AGR is a reference to the complex of buildings that make up AGR International Inc., a supplier of automation equipment to the glass and plastic packaging industries. Crooks climbed onto the roof of one of the buildings in the complex and fired eight shots at the rally scene with an AR-style rifle that his father had legally purchased years earlier.

Trump said he was “shot by a bullet that went through the upper part of my right ear” and emerged days later with a bandage on his ear. One rallygoer, Corey Comperatore, was killed and two others were wounded.
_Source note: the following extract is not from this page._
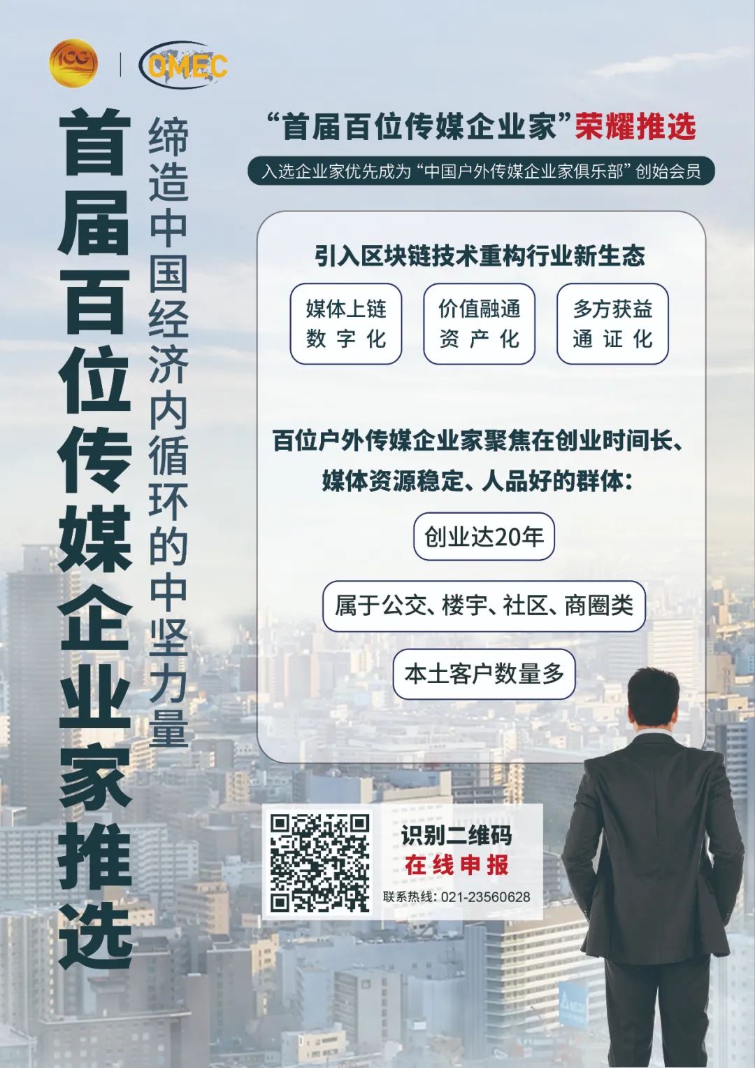 4、获得百位企业家入围优选提名,优先成为“中国户外传媒企业家俱乐部”创始会员

Crooks was shot by a Secret Service countersniper.

In an interview with ABC News, the Beaver County police officer who raised the alarm said that after sending the text message, he “assumed that someone was going to come talk to the person or find out what was going on.”

Another officer told ABC News the group was supposed to have a face-to-face meeting with Secret Service anti-snipers upon their arrival, but that never happened.

An email sent to the Secret Service seeking comment was not immediately returned Monday.